The identification of specific epitopes responsible for protective antibody responses will likely underpin future iterations of a gB based vaccine. Analyses of the natural humoral response to gB protein have established that at least five main antigenic domains (AD), named AD-1 to AD-5, exist. AD-1 corresponds to a domain of 80 amino acids positioned between residues 560 and 640 of gB (AD169 strain); AD-2 consists of two binding sites, one conserved among all the strains named site I (amino acids 50–54) and a variable region named site II (amino-acids 68–77); AD-3 is a linear epitope (amino acids 798–805) in the intraluminal region of gB; AD-5 is a discontinuous domain located between amino acids 133 and 343 (also known as domain I); and AD-4 is a discontinuous domain corresponding to amino acids 121–132 and 344–438 [49]. An important element of this characterization is the inference that responses against immuno-dominant domains may not contribute to protection [50]. Again, it is not necessarily a question of a large immune response but rather the right response.

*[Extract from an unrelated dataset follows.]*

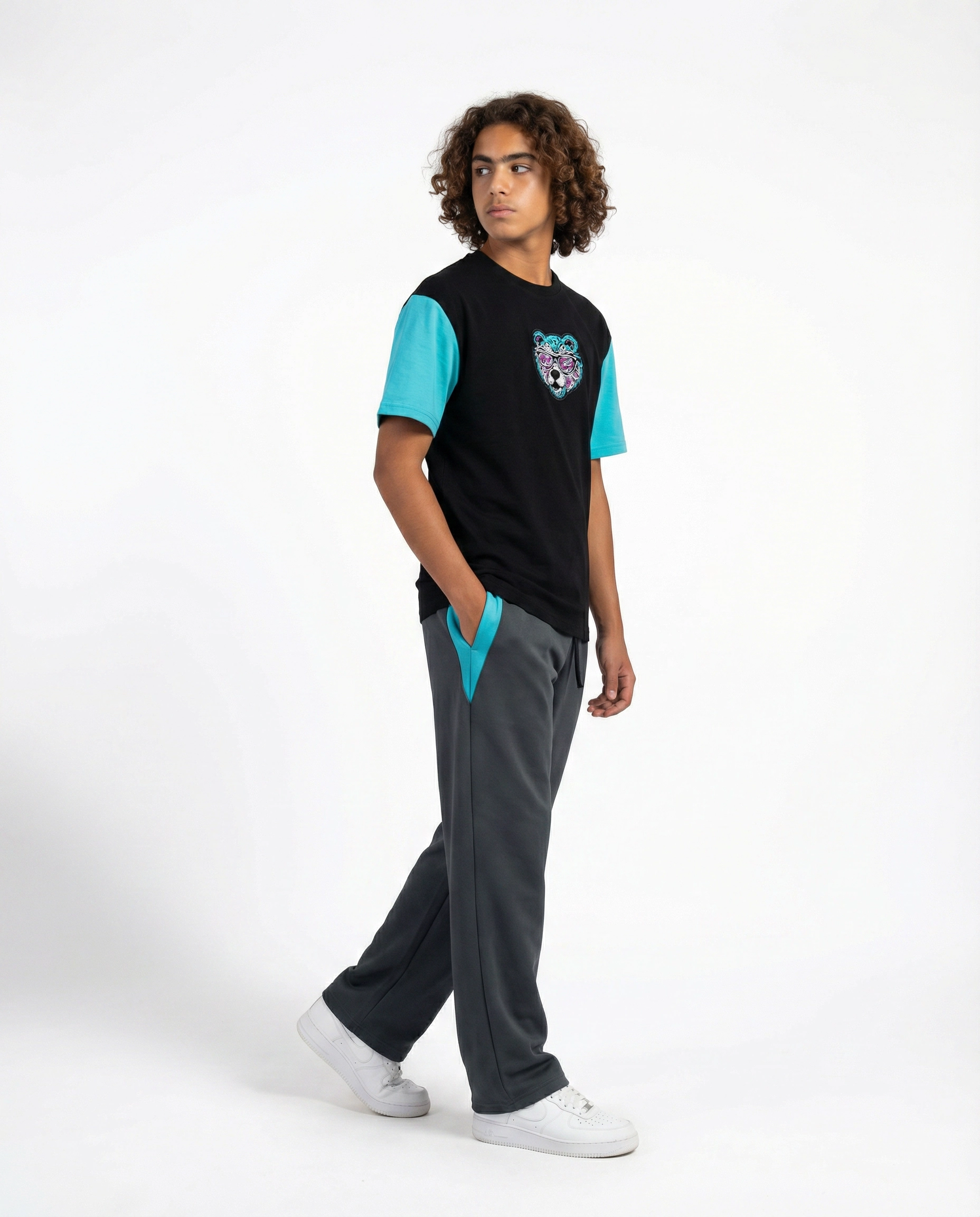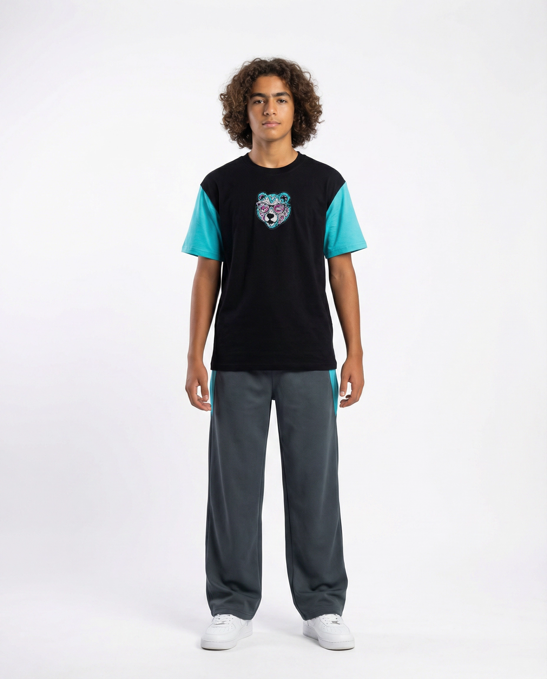 هذا المنتج مصنوع من خامة قطنية مريحة وعملية للأطفال.

An aspect of this is the form in which the antigen is delivered. Consequently, enveloped virus-like particles (eVLPs) with the protein embedded in the envelope are currently being tested. It is hypothesized that the main advantage of such a strategy is that the protein may require less modification compared to the purified recombinant counterparts and currently, two eVLP-based vaccines against hCMV are currently under phase I evaluation [51,52].
Taken together, the current data in the hCMV vaccine development field shows that antigen optimization is imperative considering that the most immunogenic antigens are envelope glycoproteins.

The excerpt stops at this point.